My dear friends in the public relations, media relations and event planning professions,
Quite a few of you are probably journalism-school graduates and have heard of Stuff Journalists Like . Now, meet Stuff Journalists Don’t Like. I mean, really, really don’t like.
If you want us to cover your event, please try to avoid the following depressingly common screw-ups, all of which have happened to me or the magazines I write for over the past month or so. If you are guilty of any of the following and members of the media did show up, you are either the star candidate of a major political party, or you got lucky.
1) Please do not send a press release on a Friday at 7 p.m. for an event that starts the following morning at 9. Breaking news is of course an exception, but for an event that has been planned for months this is ridiculous.
2) On the flipside, if you send a release eight weeks in advance, it may get lost in the pile. If you do this, send a follow-up a week or two before to remind us.
3) If you send us a release telling us an event will take place “sometime this month” please follow up with the actual date a few days before– not AFTER THE FACT for heaven’s sake.

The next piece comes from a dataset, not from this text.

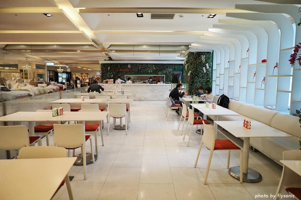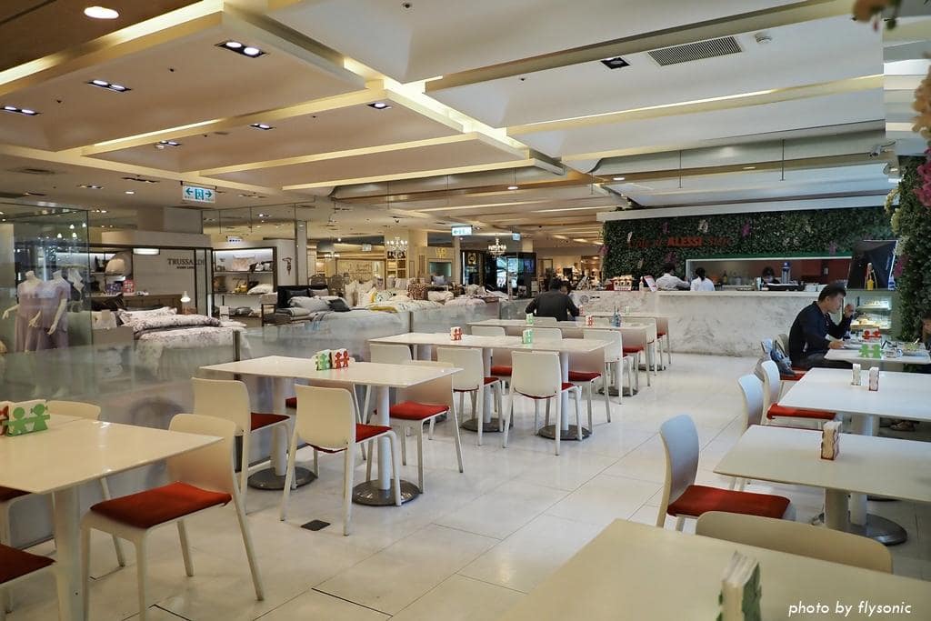 Alessi 是義大利有名的家用品設計製造商,出產許多具有設計感又實用的用品。Alessi Cafe 的餐點有一定的水準,美味可口。一道燉飯、麵類或披薩的主餐大約 300 多元,若再搭配湯品或飲料、甜點,價位上比較高一些,但是用餐環境相當舒服,又可以優雅的在百貨公司裡逛街。

4) Please do not expect us to pay admission fees to events we are supposed to be covering. We are simultaneously doing our job and doing you a favour; we pay for the privilege of neither.

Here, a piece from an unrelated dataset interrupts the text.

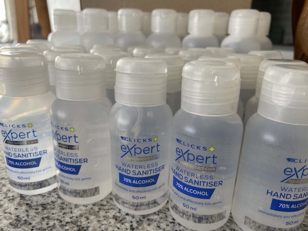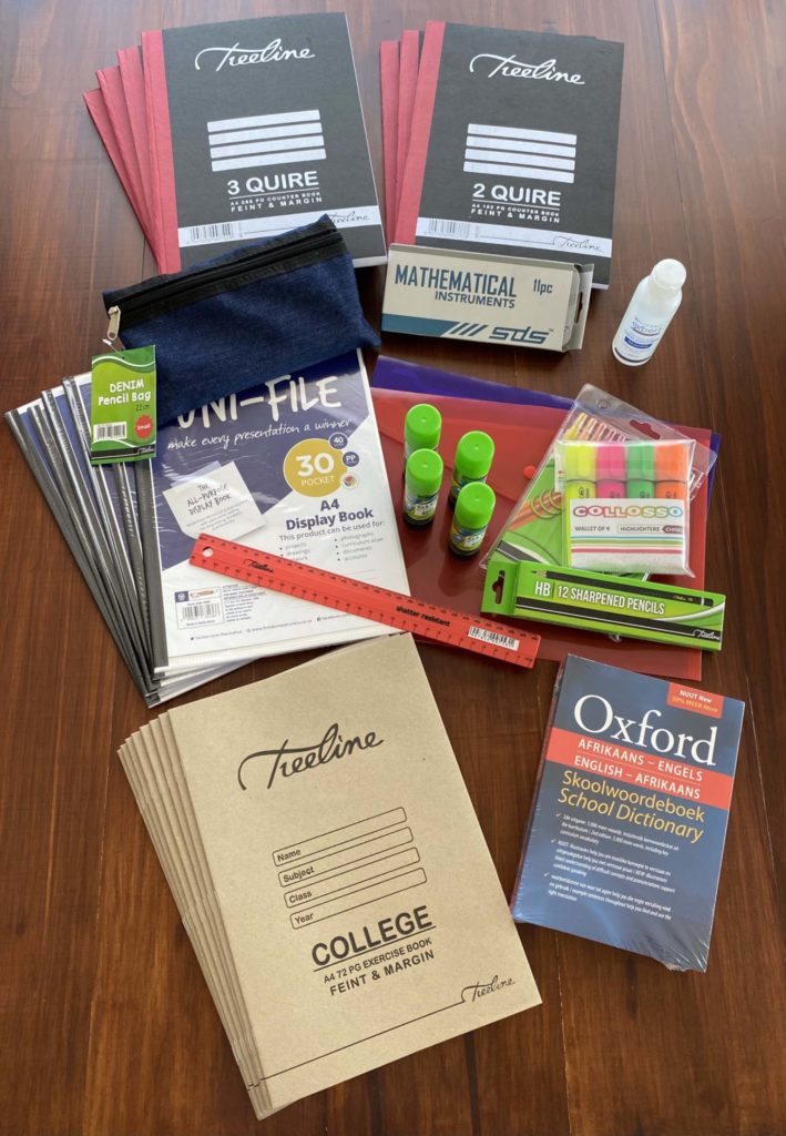 In diesem Jahr war auch Handdesinfektion und ein Afrikaans-Wörterbuch enthalten.

5) If you are organizing a charity gala or a similar event and can’t or don’t want to feed us for free, just tell us to come after dinner. No hard feelings. If you say “Pay or don’t come!” we most likely won’t come.
6) As an organizer, you should contact media organizations yourself rather than telling volunteers or participants, “Oh, by the way, if you know any journalists, give them a shout.”
7) Get to know the publishing schedule of any non-daily media. Write to us, we’ll write back. The Chronicle-Telegraph goes to press Monday and comes out Wednesday. If you ask us on a Monday to print a quick little advance for your event for Wednesday’s paper, you are out of luck.
8) Make an effort to avoid badly spelled, badly punctuated or badly translated press releases. Journalists are journalists because they are grammar dragons.
9) Resist the temptation to hold major events out in the middle of nowhere. If it takes journalists 15 minutes to get there, they’ll probably go take a look even if the event is relatively inconsequential. A major campaign announcement inside a van on the edge of a closed park completely inaccessible by mass transit (*cough* Liberal Party of Quebec *cough*) makes no sense whatsoever.